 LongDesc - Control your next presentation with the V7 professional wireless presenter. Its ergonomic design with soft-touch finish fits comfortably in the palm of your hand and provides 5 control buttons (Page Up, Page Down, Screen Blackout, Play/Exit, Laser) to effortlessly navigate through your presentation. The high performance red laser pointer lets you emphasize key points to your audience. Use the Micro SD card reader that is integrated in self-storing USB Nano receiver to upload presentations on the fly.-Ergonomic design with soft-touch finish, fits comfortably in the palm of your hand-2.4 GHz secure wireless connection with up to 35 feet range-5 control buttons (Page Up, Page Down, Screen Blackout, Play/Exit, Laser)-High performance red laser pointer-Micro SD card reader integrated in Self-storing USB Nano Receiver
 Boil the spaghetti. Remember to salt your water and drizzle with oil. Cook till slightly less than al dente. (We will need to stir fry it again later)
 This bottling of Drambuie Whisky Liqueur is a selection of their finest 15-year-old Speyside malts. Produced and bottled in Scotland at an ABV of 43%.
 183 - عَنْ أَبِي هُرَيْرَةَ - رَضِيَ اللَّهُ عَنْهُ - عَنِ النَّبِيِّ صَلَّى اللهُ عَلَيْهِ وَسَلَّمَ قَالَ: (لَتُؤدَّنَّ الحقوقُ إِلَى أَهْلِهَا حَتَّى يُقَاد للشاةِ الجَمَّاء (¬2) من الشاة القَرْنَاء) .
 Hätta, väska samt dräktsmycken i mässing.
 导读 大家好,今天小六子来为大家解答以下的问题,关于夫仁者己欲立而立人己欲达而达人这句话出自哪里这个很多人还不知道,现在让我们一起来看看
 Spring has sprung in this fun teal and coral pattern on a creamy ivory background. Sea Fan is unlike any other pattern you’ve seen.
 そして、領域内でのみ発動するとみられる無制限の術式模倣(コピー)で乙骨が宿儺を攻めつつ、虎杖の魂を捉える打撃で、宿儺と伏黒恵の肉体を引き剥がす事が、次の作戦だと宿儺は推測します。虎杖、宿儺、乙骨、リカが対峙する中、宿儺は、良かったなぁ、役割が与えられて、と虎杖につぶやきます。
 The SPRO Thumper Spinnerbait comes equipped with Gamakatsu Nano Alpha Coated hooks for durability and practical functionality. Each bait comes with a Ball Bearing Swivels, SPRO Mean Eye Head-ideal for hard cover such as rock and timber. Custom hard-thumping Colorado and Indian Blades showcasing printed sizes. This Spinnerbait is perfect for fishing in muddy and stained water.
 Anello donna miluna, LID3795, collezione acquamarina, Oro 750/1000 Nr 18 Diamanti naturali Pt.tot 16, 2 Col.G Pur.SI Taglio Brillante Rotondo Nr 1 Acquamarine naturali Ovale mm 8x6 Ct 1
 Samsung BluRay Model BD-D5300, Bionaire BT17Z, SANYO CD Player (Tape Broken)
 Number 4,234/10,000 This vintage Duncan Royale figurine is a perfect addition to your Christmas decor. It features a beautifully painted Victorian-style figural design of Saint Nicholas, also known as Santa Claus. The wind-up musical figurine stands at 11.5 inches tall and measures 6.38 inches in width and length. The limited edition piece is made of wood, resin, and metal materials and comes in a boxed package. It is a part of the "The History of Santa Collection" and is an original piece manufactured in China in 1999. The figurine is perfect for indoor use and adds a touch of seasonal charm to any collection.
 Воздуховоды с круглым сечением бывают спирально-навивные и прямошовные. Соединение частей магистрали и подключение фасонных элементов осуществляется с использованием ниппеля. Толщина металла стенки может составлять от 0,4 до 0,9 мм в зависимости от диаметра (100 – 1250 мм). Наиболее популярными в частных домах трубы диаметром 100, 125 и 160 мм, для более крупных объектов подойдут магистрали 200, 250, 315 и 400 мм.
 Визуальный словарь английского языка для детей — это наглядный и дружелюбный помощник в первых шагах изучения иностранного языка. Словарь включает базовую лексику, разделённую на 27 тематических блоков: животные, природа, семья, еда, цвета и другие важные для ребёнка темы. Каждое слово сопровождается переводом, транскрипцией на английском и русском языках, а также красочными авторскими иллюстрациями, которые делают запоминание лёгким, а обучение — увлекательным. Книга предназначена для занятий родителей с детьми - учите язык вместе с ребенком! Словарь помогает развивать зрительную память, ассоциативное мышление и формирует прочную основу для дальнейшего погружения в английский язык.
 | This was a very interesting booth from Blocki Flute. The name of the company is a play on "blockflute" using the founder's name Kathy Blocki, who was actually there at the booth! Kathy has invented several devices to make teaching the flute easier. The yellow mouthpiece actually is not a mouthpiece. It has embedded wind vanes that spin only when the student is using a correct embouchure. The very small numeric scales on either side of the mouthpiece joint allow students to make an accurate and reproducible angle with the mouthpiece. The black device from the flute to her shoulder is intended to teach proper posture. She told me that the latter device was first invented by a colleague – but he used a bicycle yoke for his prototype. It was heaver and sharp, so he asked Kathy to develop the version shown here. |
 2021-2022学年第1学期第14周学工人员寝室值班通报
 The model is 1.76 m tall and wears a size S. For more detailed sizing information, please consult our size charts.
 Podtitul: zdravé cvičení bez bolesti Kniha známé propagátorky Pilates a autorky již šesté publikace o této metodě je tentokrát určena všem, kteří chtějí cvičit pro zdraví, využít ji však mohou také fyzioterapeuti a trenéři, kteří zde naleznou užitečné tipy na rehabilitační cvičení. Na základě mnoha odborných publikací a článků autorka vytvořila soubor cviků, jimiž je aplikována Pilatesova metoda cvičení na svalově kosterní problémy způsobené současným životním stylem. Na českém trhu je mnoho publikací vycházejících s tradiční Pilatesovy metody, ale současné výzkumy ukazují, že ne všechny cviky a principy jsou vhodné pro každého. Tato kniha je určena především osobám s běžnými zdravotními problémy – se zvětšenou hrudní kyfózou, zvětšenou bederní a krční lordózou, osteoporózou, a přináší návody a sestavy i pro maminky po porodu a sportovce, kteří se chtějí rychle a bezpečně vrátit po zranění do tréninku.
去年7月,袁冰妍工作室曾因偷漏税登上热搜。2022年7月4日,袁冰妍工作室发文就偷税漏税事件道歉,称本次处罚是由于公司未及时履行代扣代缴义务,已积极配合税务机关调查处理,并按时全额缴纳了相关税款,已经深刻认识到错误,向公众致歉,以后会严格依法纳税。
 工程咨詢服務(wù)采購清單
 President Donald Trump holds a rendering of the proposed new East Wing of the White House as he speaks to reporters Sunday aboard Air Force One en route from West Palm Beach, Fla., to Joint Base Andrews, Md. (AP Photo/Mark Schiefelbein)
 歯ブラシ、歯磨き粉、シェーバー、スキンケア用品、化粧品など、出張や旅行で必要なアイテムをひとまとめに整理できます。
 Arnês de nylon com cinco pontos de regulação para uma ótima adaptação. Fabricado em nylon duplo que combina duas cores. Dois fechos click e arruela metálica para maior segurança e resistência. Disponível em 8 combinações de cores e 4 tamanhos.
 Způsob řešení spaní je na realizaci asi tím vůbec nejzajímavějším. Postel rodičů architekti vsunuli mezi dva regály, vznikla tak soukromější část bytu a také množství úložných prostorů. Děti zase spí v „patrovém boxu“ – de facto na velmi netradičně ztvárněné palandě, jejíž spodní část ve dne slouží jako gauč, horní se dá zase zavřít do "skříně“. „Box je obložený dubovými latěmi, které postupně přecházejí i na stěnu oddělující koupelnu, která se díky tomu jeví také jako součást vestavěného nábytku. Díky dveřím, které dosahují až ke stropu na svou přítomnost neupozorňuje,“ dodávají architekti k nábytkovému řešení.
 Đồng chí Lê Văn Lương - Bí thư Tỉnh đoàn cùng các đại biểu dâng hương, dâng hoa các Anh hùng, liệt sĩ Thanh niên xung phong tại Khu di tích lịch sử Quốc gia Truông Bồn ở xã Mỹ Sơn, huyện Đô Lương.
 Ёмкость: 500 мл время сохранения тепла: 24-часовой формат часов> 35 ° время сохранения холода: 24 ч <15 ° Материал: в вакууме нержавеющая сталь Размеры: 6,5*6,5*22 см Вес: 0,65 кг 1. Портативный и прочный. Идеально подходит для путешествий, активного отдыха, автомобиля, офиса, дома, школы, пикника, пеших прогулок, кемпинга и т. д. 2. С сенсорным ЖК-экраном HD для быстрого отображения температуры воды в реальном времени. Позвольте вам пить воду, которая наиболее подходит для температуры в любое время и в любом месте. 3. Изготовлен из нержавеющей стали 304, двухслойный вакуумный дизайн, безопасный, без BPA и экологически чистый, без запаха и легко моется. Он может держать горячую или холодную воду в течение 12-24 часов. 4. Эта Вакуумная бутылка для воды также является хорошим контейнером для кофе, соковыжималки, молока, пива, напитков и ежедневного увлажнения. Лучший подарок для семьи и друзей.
━━━━━━━━━━━━━━━━
The word "Nano" appears in some lines of the data. Copy every one of those lines.

TASK ANSWER:
 LongDesc - Control your next presentation with the V7 professional wireless presenter. Its ergonomic design with soft-touch finish fits comfortably in the palm of your hand and provides 5 control buttons (Page Up, Page Down, Screen Blackout, Play/Exit, Laser) to effortlessly navigate through your presentation. The high performance red laser pointer lets you emphasize key points to your audience. Use the Micro SD card reader that is integrated in self-storing USB Nano receiver to upload presentations on the fly.-Ergonomic design with soft-touch finish, fits comfortably in the palm of your hand-2.4 GHz secure wireless connection with up to 35 feet range-5 control buttons (Page Up, Page Down, Screen Blackout, Play/Exit, Laser)-High performance red laser pointer-Micro SD card reader integrated in Self-storing USB Nano Receiver
 The SPRO Thumper Spinnerbait comes equipped with Gamakatsu Nano Alpha Coated hooks for durability and practical functionality. Each bait comes with a Ball Bearing Swivels, SPRO Mean Eye Head-ideal for hard cover such as rock and timber. Custom hard-thumping Colorado and Indian Blades showcasing printed sizes. This Spinnerbait is perfect for fishing in muddy and stained water.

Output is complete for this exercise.